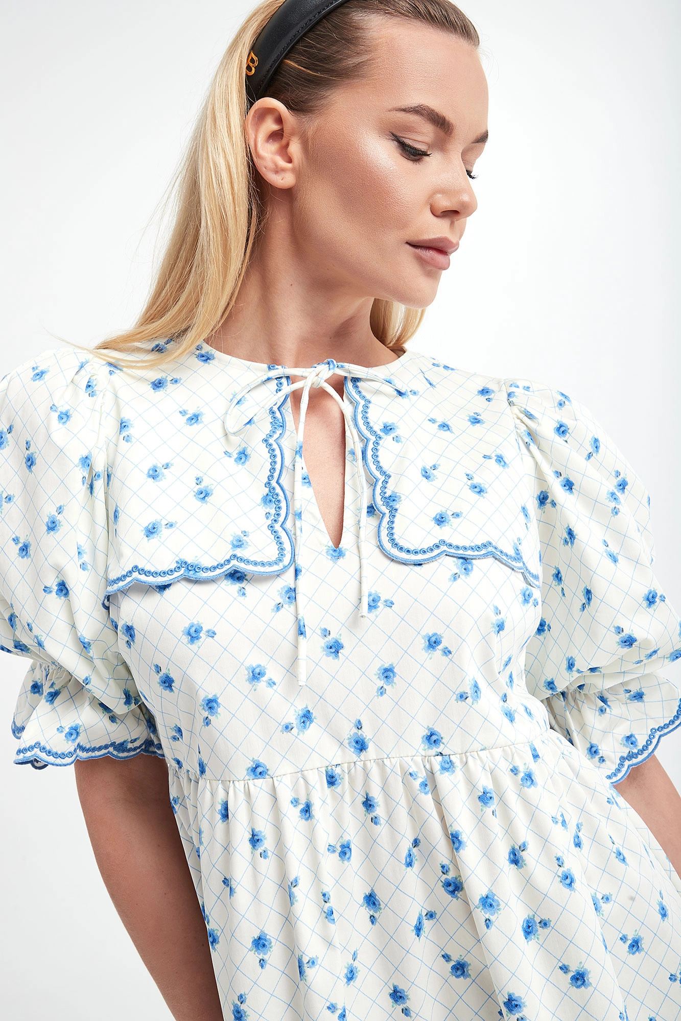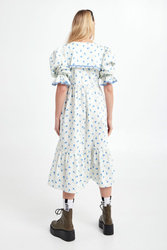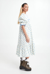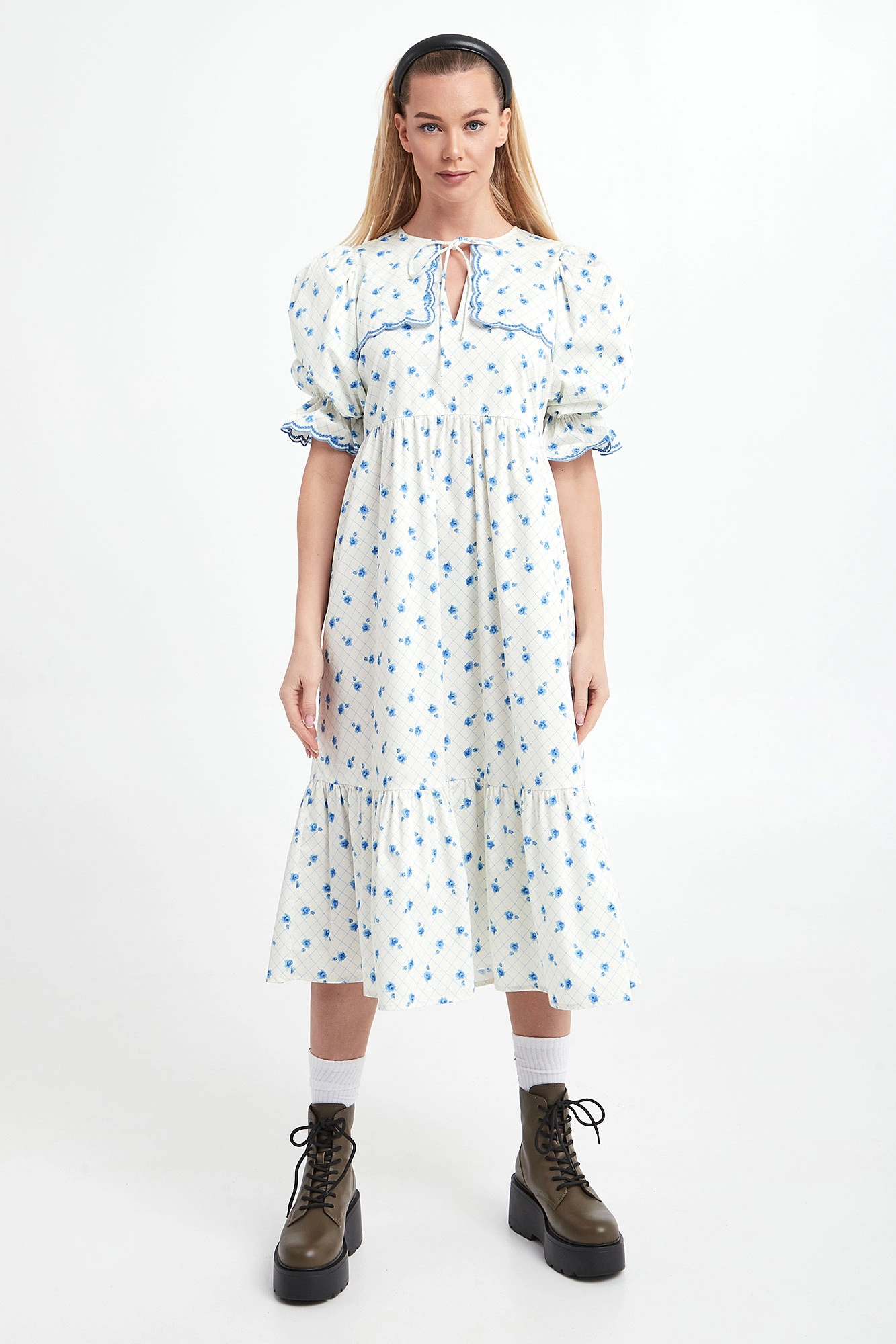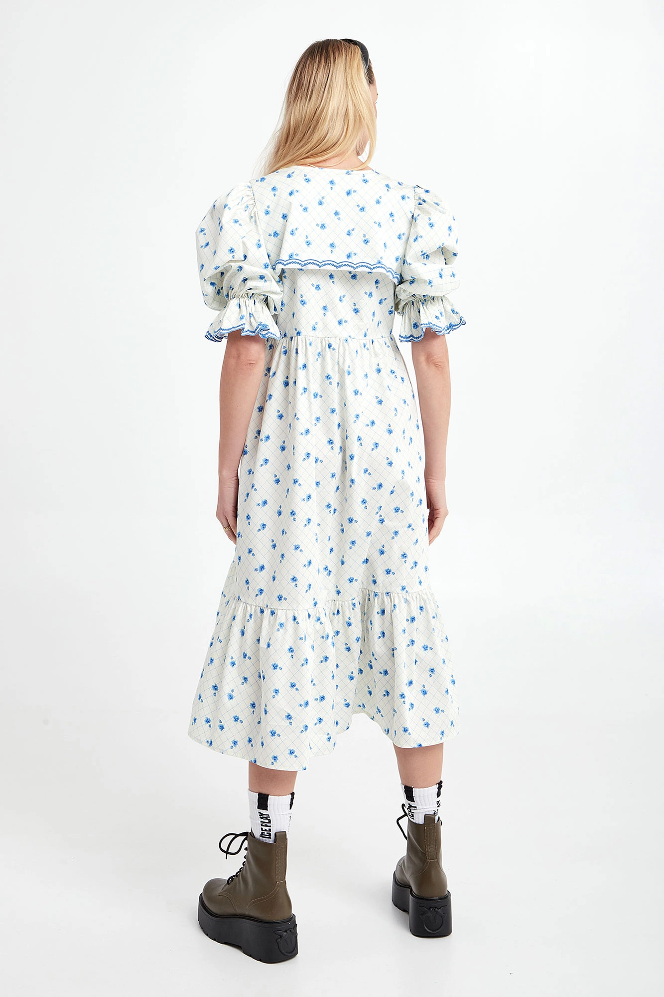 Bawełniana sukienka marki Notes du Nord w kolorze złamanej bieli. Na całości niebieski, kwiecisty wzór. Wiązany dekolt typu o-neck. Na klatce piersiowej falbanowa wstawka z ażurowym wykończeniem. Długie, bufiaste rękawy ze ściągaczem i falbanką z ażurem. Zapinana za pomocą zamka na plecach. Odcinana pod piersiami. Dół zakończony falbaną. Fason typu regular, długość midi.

__________________________________________________

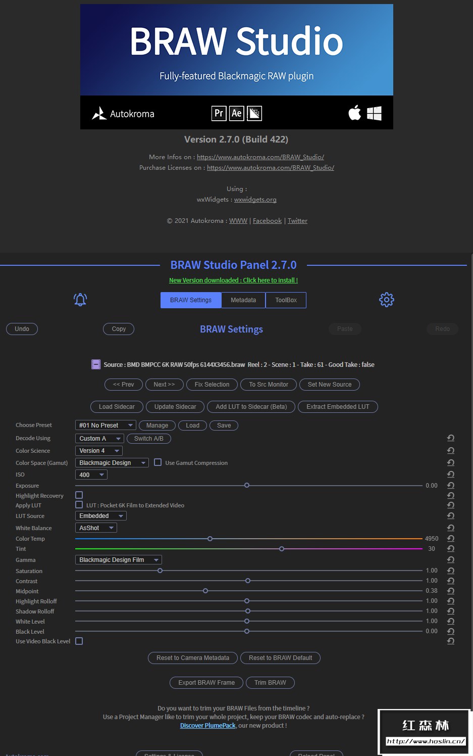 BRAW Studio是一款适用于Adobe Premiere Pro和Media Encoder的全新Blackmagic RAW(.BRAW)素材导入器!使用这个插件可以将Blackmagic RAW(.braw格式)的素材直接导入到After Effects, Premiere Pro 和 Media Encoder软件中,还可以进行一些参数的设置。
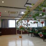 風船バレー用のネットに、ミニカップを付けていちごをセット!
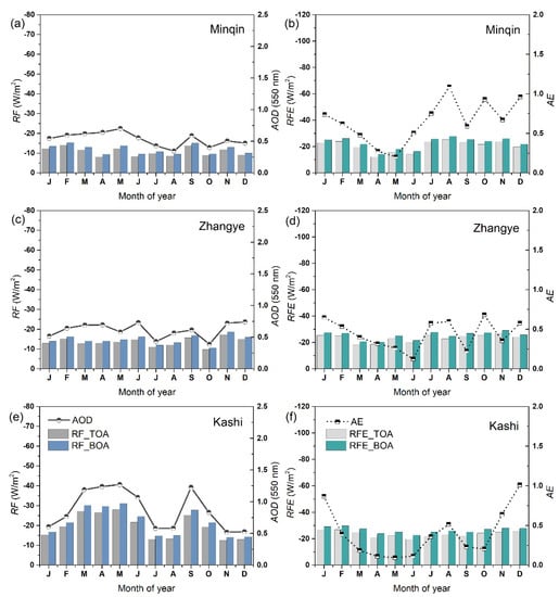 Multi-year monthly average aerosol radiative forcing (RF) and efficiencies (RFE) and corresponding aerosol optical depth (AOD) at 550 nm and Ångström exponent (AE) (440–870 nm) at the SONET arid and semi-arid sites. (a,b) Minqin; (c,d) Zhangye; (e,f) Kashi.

__________________________________________________

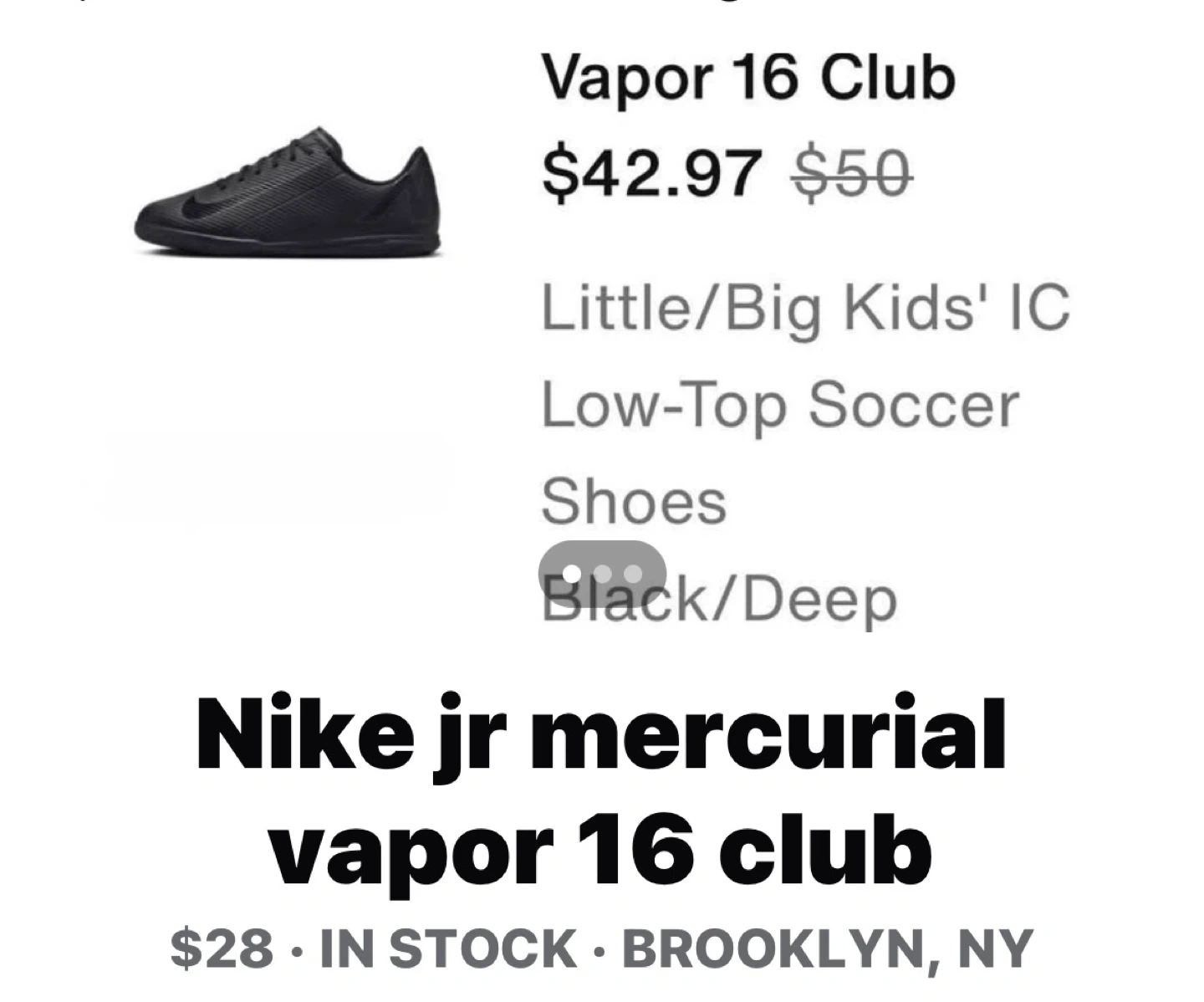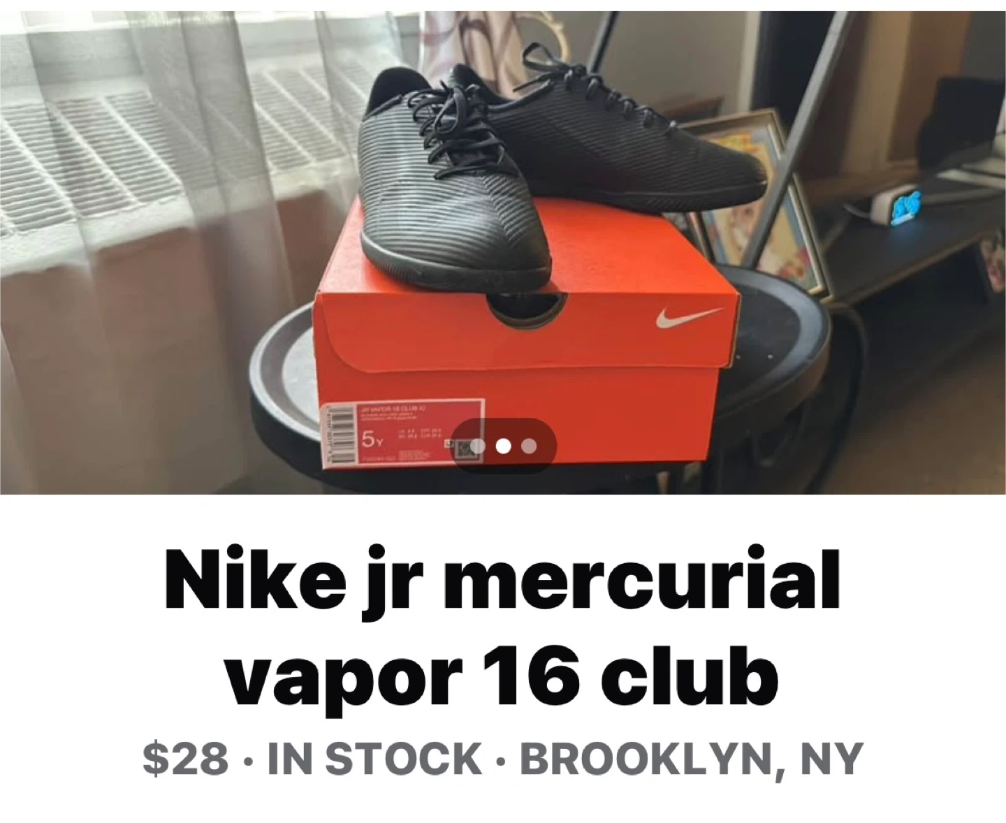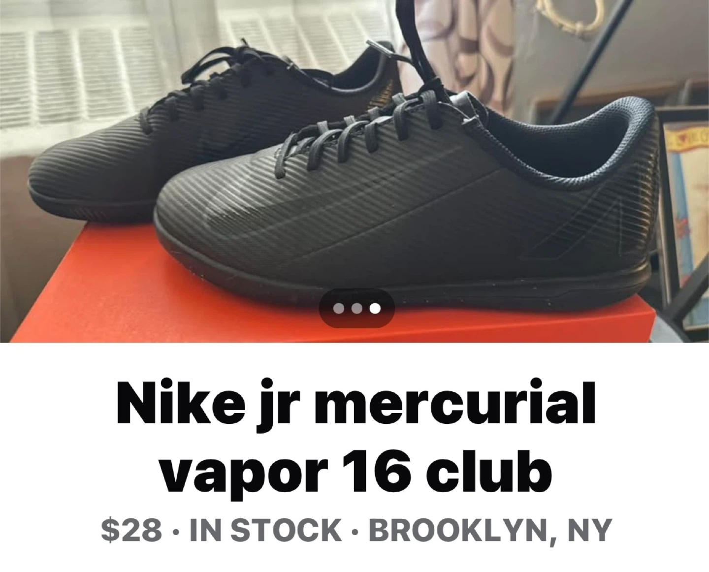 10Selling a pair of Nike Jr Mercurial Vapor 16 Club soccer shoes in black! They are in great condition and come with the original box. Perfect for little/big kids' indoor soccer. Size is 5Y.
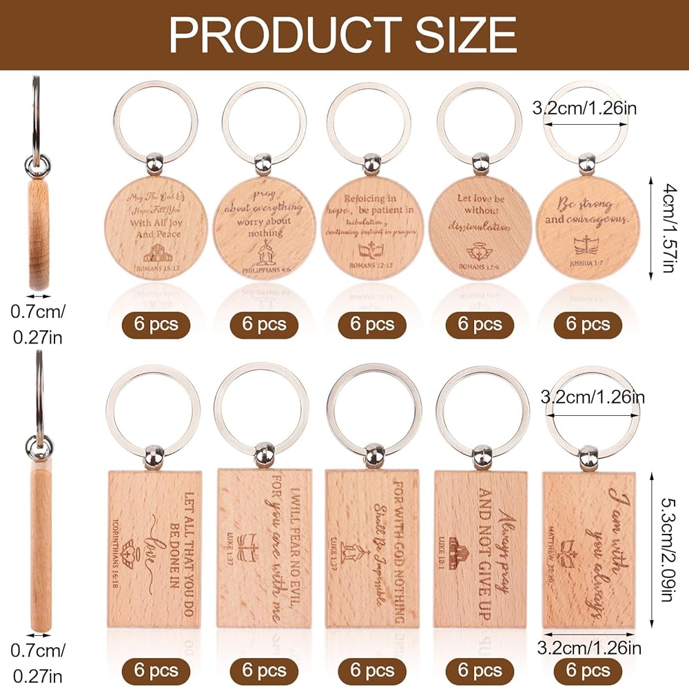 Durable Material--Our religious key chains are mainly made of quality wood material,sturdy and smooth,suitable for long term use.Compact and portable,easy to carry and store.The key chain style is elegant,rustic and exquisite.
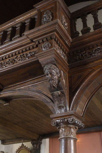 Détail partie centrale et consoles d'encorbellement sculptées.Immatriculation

__________________________________________________

■ Work order
Copy word for word the span of the records above that begins at the line with "Durable Material--Our religious" and ends at the line with "Détail partie centrale", including those two lines but not the pictures.

■ Reply to the task
 Durable Material--Our religious key chains are mainly made of quality wood material,sturdy and smooth,suitable for long term use.Compact and portable,easy to carry and store.The key chain style is elegant,rustic and exquisite.
 Détail partie centrale et consoles d'encorbellement sculptées.Immatriculation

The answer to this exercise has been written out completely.